Scott pauses, momentarily ashamed, and she continues.
“I’m sorry the trip was rough, and I’m sorry this was all sort of thrown at you, but I really think you should take a shower and go to sleep. We can talk about everything when you’re — when you’re not so tired.”
She turns and leaves his room, shoulders tight. He listens to the click-click of her shoes down the hallway. She turns, and the sound drifts off.
Scott sits down on his bed. He pulls his phone out of his pocket, alarmed to see a text message from Hank of all people, time-stamped fifteen minutes ago.
Hank: Come see me upon your arrival. I take it you might have some things you want to discuss.
Scott turns his phone off and shoves it under his pillow. He does want to know about the Professor’s condition, about Logan’s, about the other children and how they even started doing this in the first place.
But Jean is right. He’s tired. He should shower.
He makes his way into his bathroom. He flicks on the light. He is pleased to find everything just as he left it. His razor and toothpaste and mouthwash on the counter, his towel still neatly on its rack and the bathmat flush against the side of the tub. He looks at himself in the mirror and frowns; his eyes are droopy behind his lenses, and his skin looks dry and sullen. The stubble that hugs his jaw and cheeks makes him look a little wild.

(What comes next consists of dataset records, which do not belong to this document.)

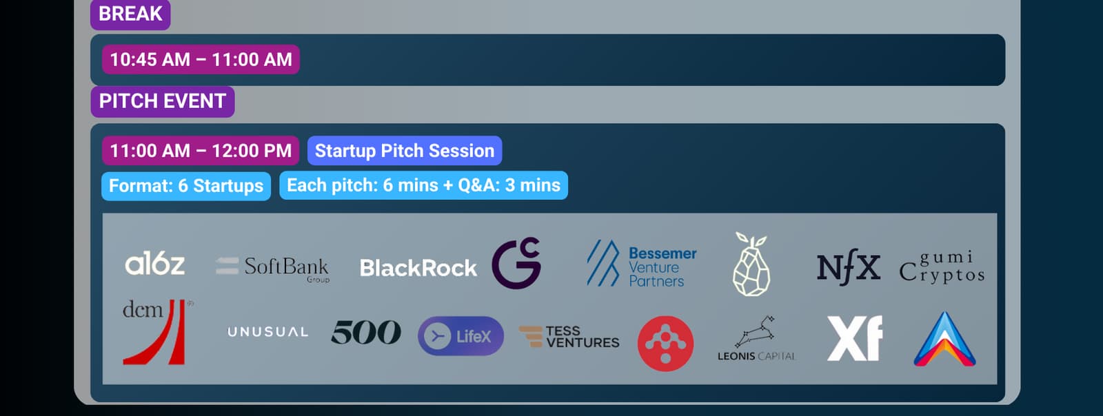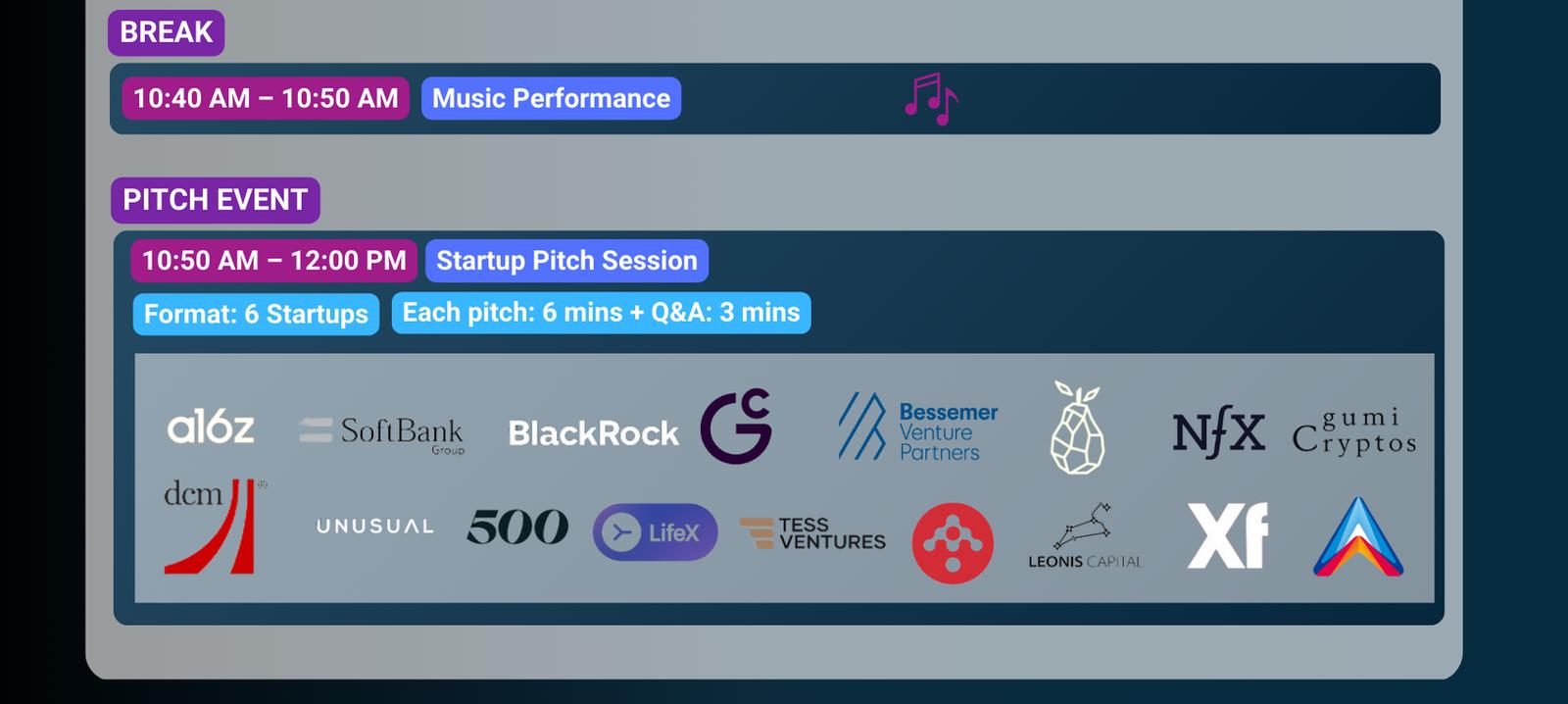 Post-Summit Benefits: A dedicated post will feature each Finalist company after their presentation. Each Finalist will receive professional video and photo assets from their pitch, as well as social media posts highlighting their participation.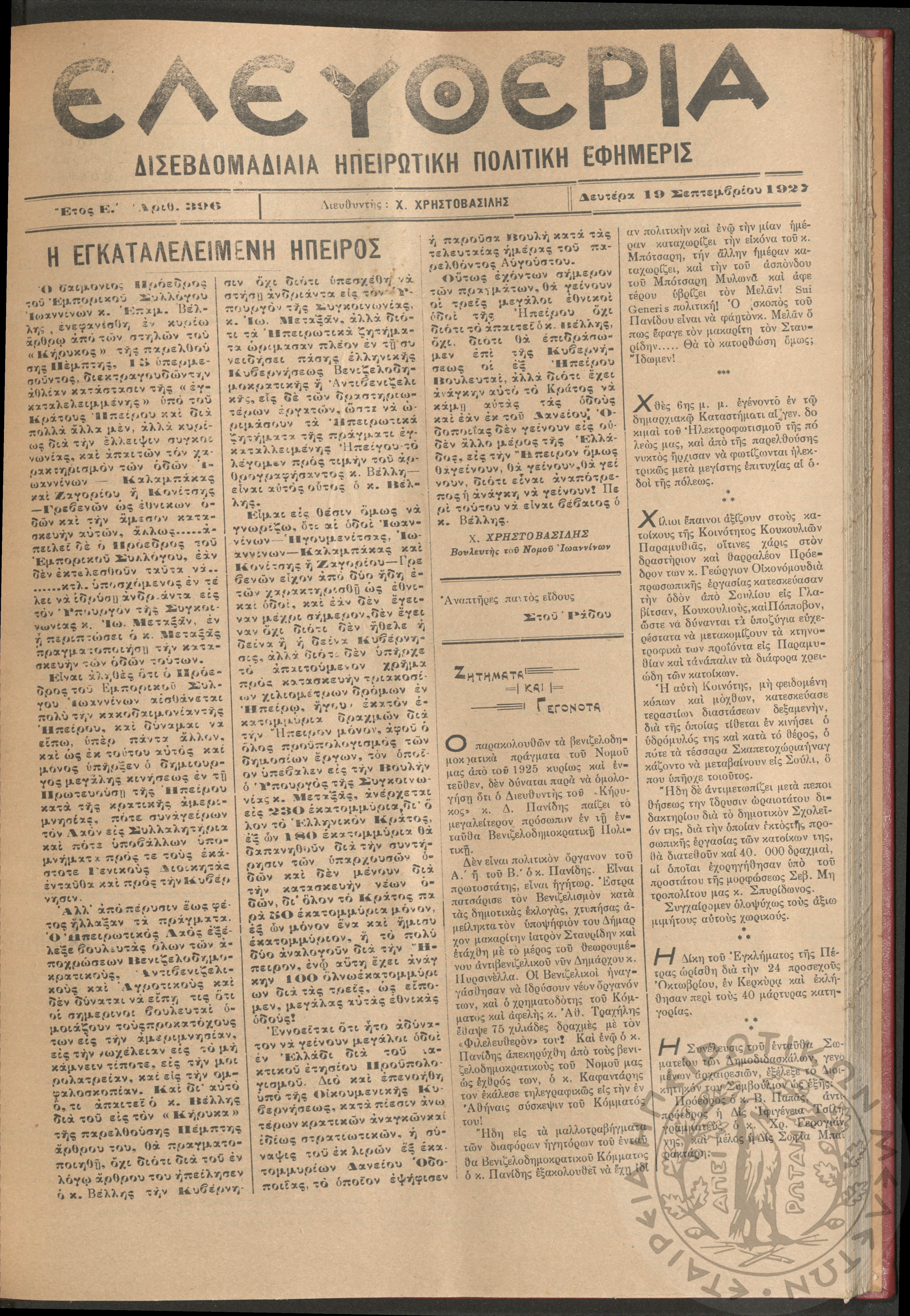 Ελευθερία: δισεβδομαδιαία Ηπειρωτική πολιτική εφημερίς, 1927, φ. 396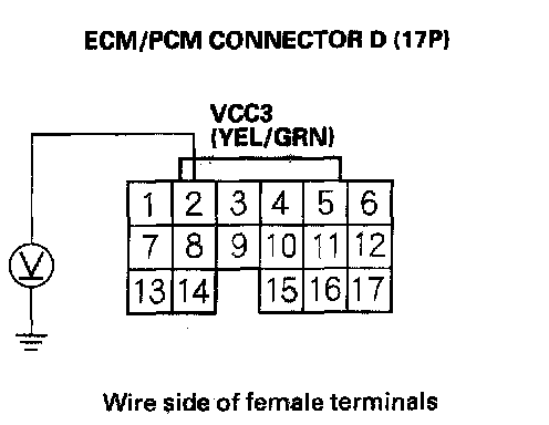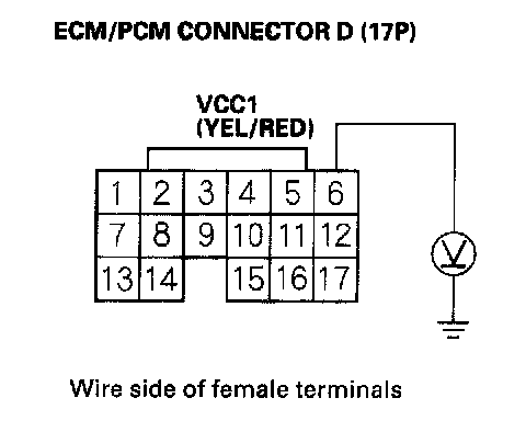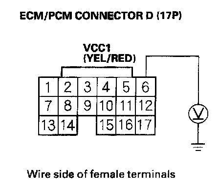 65. Disconnect the connector from each of these sensors, one at a time, and measure voltage between ECM/PCM connector terminal D6 and body ground with the ignition switch ON (II).

He runs a hand through his hair, trying to fix himself up a bit. When it doesn’t work he sighs and looks away.
He showers. He climbs into bed. He listens to the silence of the halls because by now everyone is at dinner, and he would join them if he was capable of moving his legs right now.
He imagines himself all alone in that big, empty house, and falls into a restless sleep.
He wakes up a few hours later, disoriented, briefly forgetting how he got home. The lights in his room are on but the sky outside is inky-black. The display on his bedside clock tells him it’s just past eleven.
Someone is playing music on the patio. He strains to hear it, and finds it’s the same song that the jukebox was playing.
He chalks it up to his tired mind hearing things; he’s not in the mood for coincidence or divine intervention.
He slowly but surely falls back asleep, listening to that same old song float into his room from the backyard.
Here we are in Heaven, she promises, and Scott starts to dream of yellow light in New Mexico. For you are mine at last.